Hear me out, and before you read any further, I’m going to have you take a deeeeep breath, so I can show you what you’re doing wrong. Don’t skip ahead; no cheating.

Put your right hand on your chest and your left hand on your abdomen. Take a big breath by inhaling through your nose or your mouth (whichever is most natural for you), slowly. Really fill your lungs, and note which hand rises more. Did your right hand move first and most, with your left hand lagging behind – if it moved at all? Did your shoulders go up? Did your traps rise like you were shrugging a couple dumbbells? Congratulations, you are a chest breather.

Now, procure an infant, preferably one with an exposed, protruding belly. Gender matters not. Got one? Great. Lay your infant on its back and watch how the kid breathes. Does his chest rise and rib cage expand? Maybe a little, but the bulk of the action is happening in the belly button region, right? That kid is “belly breathing.” In other words, he is using his diaphragm, a sheet of muscle located between the thoracic and abdominal cavities that (if you do it right) draws oxygen into the lungs upon activation. When it contracts, it moves down into the abdominal cavity, pushing the belly out, increasing the capacity of the lungs while lowering the air pressure, thus spurring the influx of oxygen. The external intercostals, muscles located between the ribs (flex your core with a finger on your ribs and you’ll feel the intercostals fill the gaps), also assist with respiration, but the diaphragm is the prime mover.

If your right hand rose first and most prominently in the previous exercise, you did not effectively utilize your diaphragm. Like the office worker with inactive glutes from too much sitting, you have an inactive diaphragm. Your synergist muscles – the helper muscles that assist the prime mover – are forced to take over. Without the diaphragm contracting and opening up the lower half of the lungs, less space is available for incoming air. Not only that, but according to some, the lower half of the lungs is also by far the most efficient at delivering oxygen; the bottom 13% of the lungs brings in 60 mL O2 per minute, while the top 7% only brings in 4 mL per minute. Chest breathing to the exclusion of diaphragmatic breathing (and that bottom 13%), then, is highly inefficient because it squanders added capacity and more effective tissue.

To really accentuate the inefficiency and help you understand how exclusively chest breathing limits your oxygen, let’s try a couple quick exercises. Stand tall and shrug your shoulders up toward your ears. Hold that position and take a deep breath. Or, rather, try to take a deep breath. You can’t do it. You can take in some air, but not a lot, and what you can take in sounds labored. There’s a big whooshing sound that just doesn’t feel right. It feels… weak.

Next, hunch over at the thoracic spine.

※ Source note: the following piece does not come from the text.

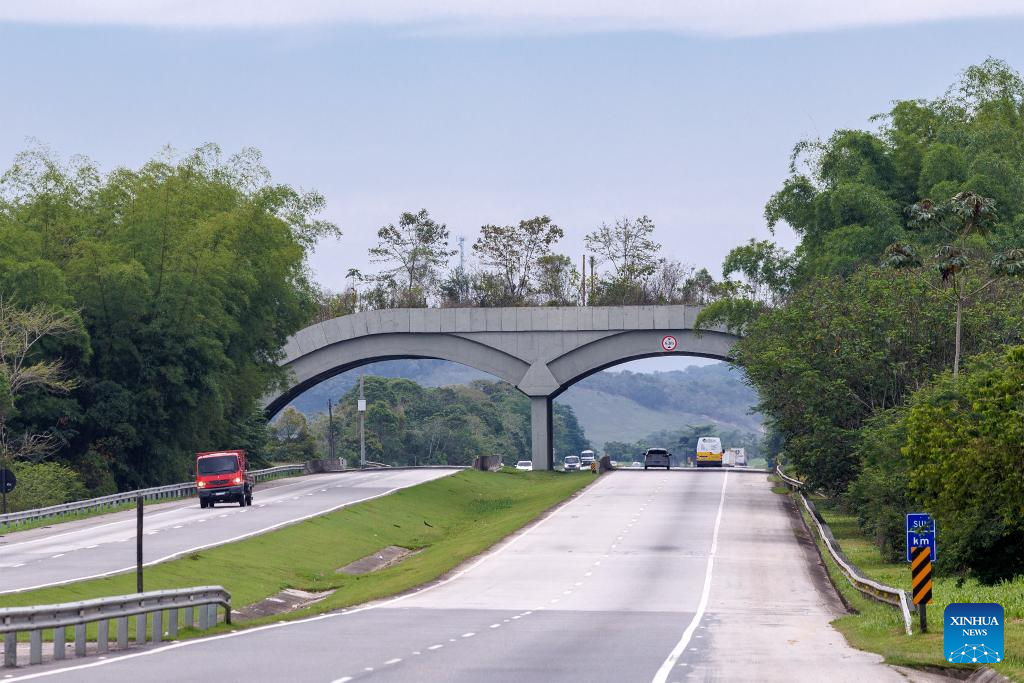 SILVA JARDIM, 25 octubre, 2024 (Xinhua) -- Imagen del 24 de octubre de 2024 de vehículos circulando debajo de un puente verde, un paso de fauna que ayuda a los animales silvestres a un cruce seguro, en la carretera BR-101, en Silva Jardim, en el estado de Río de Janeiro, Brasil. (Xinhua/Claudia Martini)

Imagine you’re typing away at the computer (shouldn’t be too hard, seeing as how you’re probably reading this post on a computer) and let your chest cave in, your shoulder blades spread out, and your head droop forward. In other words, give yourself the type of terrible posture that millions of us sport each day. Hold that position and try to take a deep breath. It’s belabored, right?

Finally, suck in your gut. Flex those abs and flatten that belly. Inhale, and note how thin and ineffectual your breathing sounds and feels. Your diaphragm is pinned against your contracted abdominal muscles. It can’t go anywhere. It can’t do anything, and your breathing suffers for it.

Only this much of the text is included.